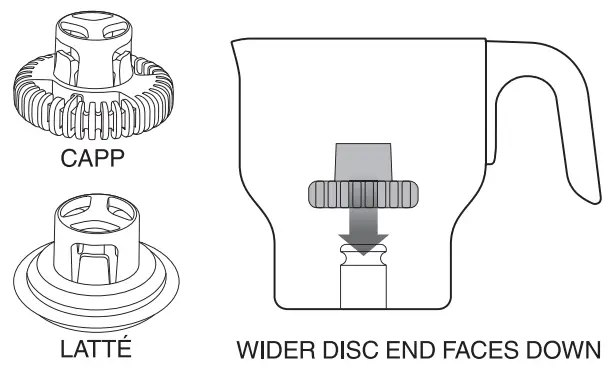 - Select the ‘Capp’ or ‘Latté’ frothing disc. Choose the ‘Capp’ disc for thick and creamy froth or the ‘Latté’ disc for smooth and silky milk
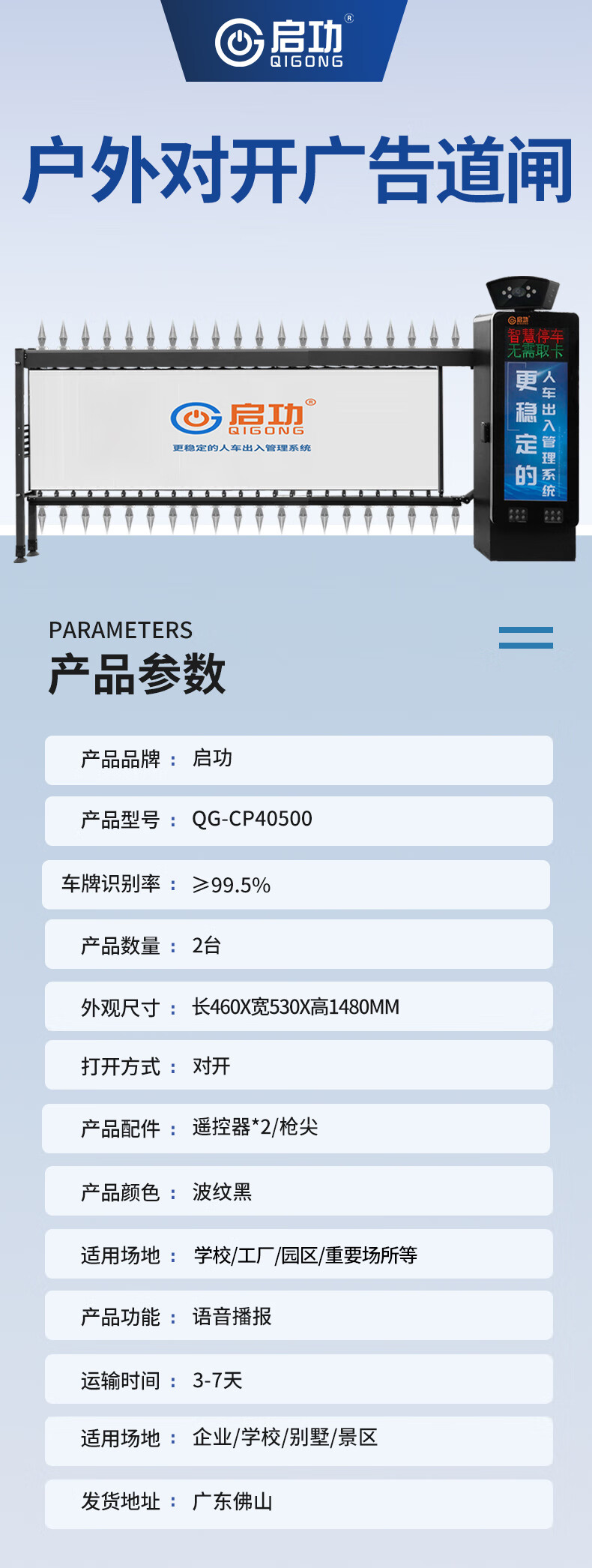 商品名称:启功车牌识别道闸智能对开广告道闸小区企业单位停车道闸QG-CP40500
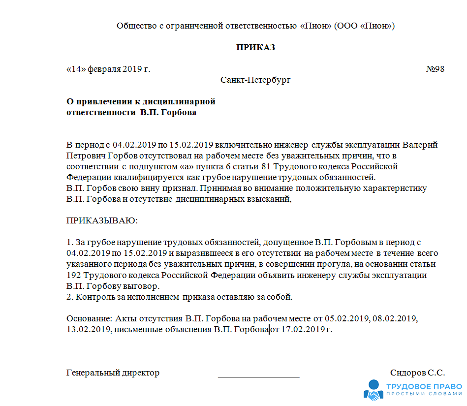 Шаг 7: оформляем приказ для привлечения к дисциплинарной ответственности
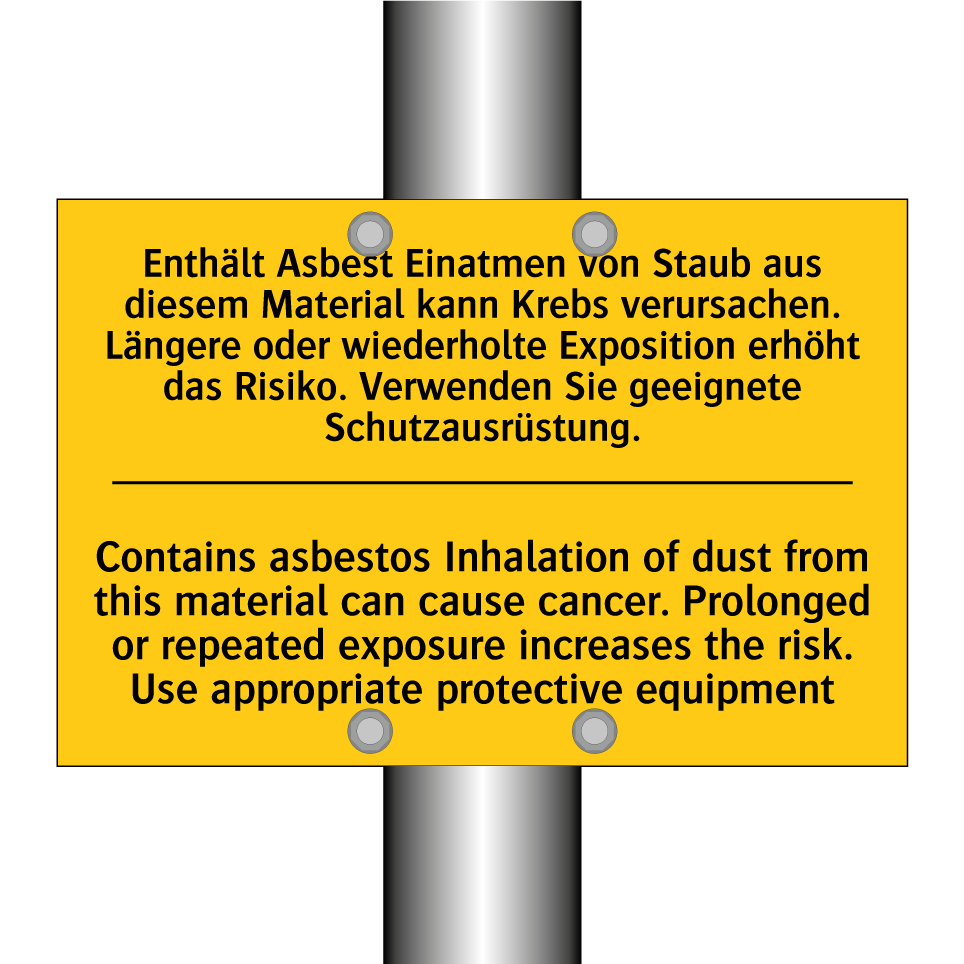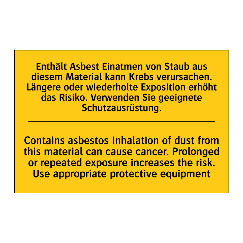 Zweisprachiges Warnschild mit deutschem Text Enthält Asbest Einatmen von Staub aus diesem Material kann Krebs verursachen. Längere oder wiederholte Exposition erhöht das Risiko. Verwenden Sie geeignete Schutzausrüstung. und englischem Text Contains asbestos Inhalation of dust from this material can cause cancer. Prolonged or repeated exposure increases the risk. Use appropriate protective equipment

■ WORK TASK: Transcribe the full listing above exactly, with the images removed.

■ RESPONSE TO THE EXERCISE:
 - Select the ‘Capp’ or ‘Latté’ frothing disc. Choose the ‘Capp’ disc for thick and creamy froth or the ‘Latté’ disc for smooth and silky milk
 商品名称:启功车牌识别道闸智能对开广告道闸小区企业单位停车道闸QG-CP40500
 Шаг 7: оформляем приказ для привлечения к дисциплинарной ответственности
 Zweisprachiges Warnschild mit deutschem Text Enthält Asbest Einatmen von Staub aus diesem Material kann Krebs verursachen. Längere oder wiederholte Exposition erhöht das Risiko. Verwenden Sie geeignete Schutzausrüstung. und englischem Text Contains asbestos Inhalation of dust from this material can cause cancer. Prolonged or repeated exposure increases the risk. Use appropriate protective equipment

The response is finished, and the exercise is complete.